Prescription drug abuse has become a dramatic public health concern in the United States, and it is not limited to “young people.” Mental health providers, physicians, and government agencies are noting increasing problems with the misuse and abuse of prescription medications amongst older adults, including the Baby Boomers. While there have not been many studies on the subject, some research shows that up to 26% of people over the age of 65 misuse or abuse their prescription drugs.
Why are so many older adults misusing or abusing their medications? Older adults who have cognitive decline, including dementia, may experience confusion about how and when to take their medications. Pain, anxiety, depression and sleep problems are common in the elderly, and the medications prescribed for these conditions can lead to abuse or dependence. Some older adults on limited incomes may “borrow” or share medications. In most cases, the abuse or misuse is not intentional, and the medication is obtained legally, by prescription.
Older adults face some particular risks if they misuse their medications. According to The Substance Abuse and Mental Health Services Administration (SAMHSA), older adults are more vulnerable to this problem because as a group they use more prescription drugs than younger adults. Due to the slowing metabolism and elimination associated with aging, even small amounts of medication can impact older adults in dramatic ways. Many older adults take multiple medications, increasing the likelihood of medication interactions. The abuse or misuse of “psychoactive drugs” taken for depression, anxiety, and insomnia is of particular concern as these drugs act on the central nervous system.
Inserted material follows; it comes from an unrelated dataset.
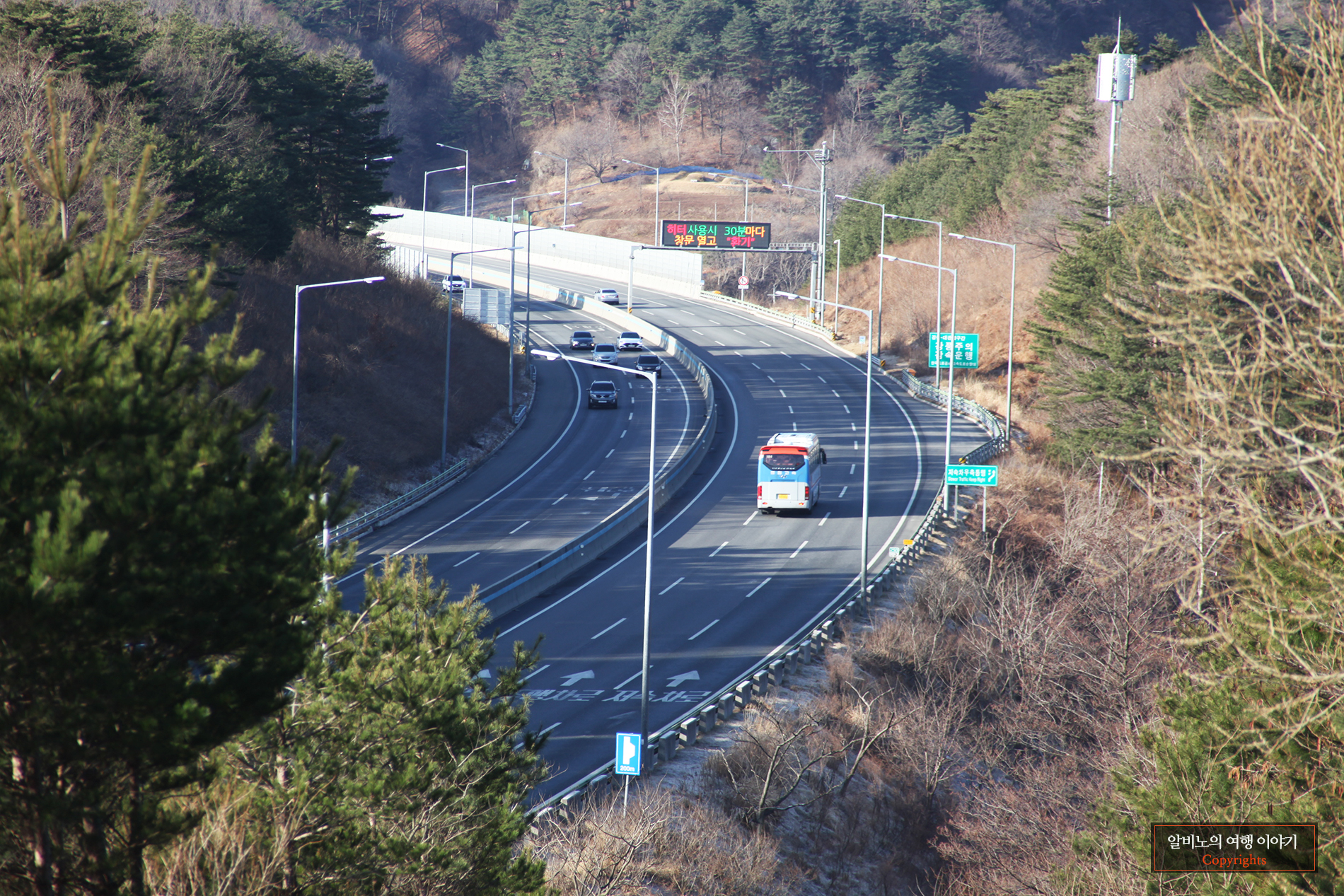 대관령 휴게소 부근을 도보로 걸어서 가며 고속도로위를 달리는 차들을 본다.

If used inappropriately, or mixed with alcohol, these medications can cause sedation, memory problems, functional impairment, and/or falls. Those older adults most vulnerable to psychoactive medication abuse are socially isolated women with histories of substance abuse and mental health problems, especially depression.
What can older adults and their families do to avoid prescription drug misuse and abuse?
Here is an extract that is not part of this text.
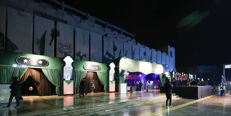 از حوالی میدان که عبور کنی، حدیث کسا در فضا طنینانداز شده است، شب شهادت اما هیاتهای مذهبی هم آمدهاند تا در کنار موکبهای برپاشده، علم به پا دارند، هیاتها علم به دوش میگیرند، عدهای نوای عزا سر میدهند و عدهای طبل میزدند و رهسپار چهارباغ میشوند. در گوشه و کنار پیادهرو، مردم ایستادهاند و به دسته عزا مینگرند، از حال دلشان مادر خبرداد و بس.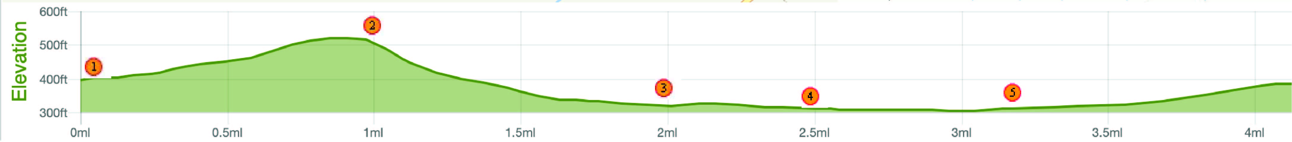 old hedge on the right over a series of stiles to the stone bridge at Town

- Read and follow prescription drug usage instructions and ask your health care provider for information on side effects.
- Do not rush to increase the strength of your medication, especially pain medication. Talk to your doctor if your symptoms are not improving, and explore non-prescription methods to address your symptoms (such as massage, acupuncture or stretching/exercise). For depression and anxiety, consider talk therapy as well as medication therapy.
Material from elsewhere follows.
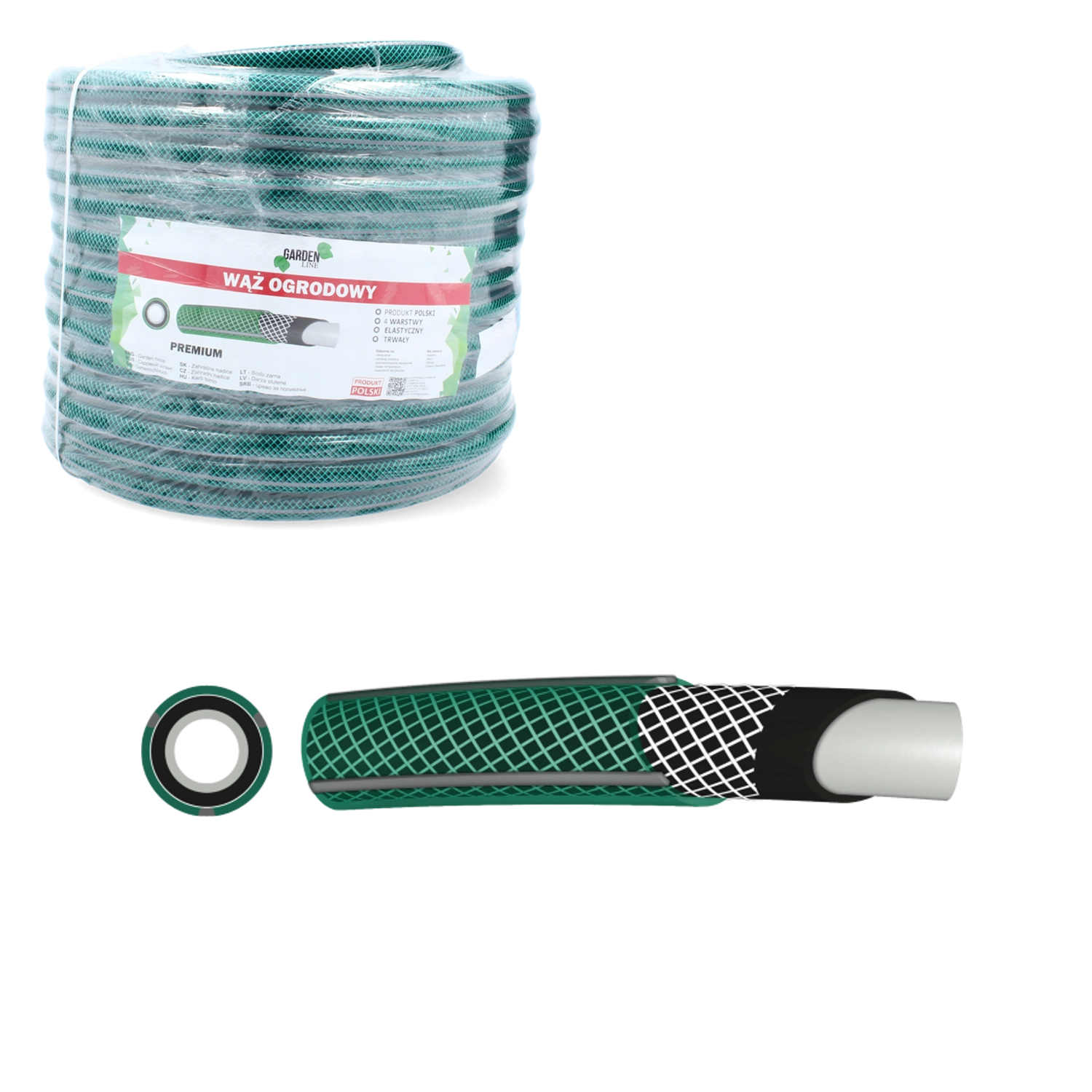 Furtun de grădină Premium durabil, cu lungimea de 20 m și diametrul de 3/4", pentru utilizare intensivă. Construcție în 4 straturi din PVC flexibil cu armătură textilă asigură o rezistență ridicată la deteriorări mecanice. Presiune de lucru 8 bar (20 °C), presiune de spargere >24 bar (20 °C). Funcționare fiabilă în intervalul -10 °C până la +60 °C. Fabricat în Polonia.

- Let your doctor and pharmacist know about every medication you are taking, prescription and over-the-counter, including supplements.
- If you are taking more than five medications, it is likely you will experience some drug interactions. Consider working with a senior care pharmacist to review your medication list and identify possible changes to discuss with your doctor.
- Never use another person’s medications. If the cost of medication is a concern for you, ask your doctor for samples and talk to your pharmacist about medication assistance programs.
- If you suspect you may have a problem with prescription drug abuse or misuse, know that you are not alone and help is available. Talk to your doctor, mental health professional, or geriatric care manager for local resources.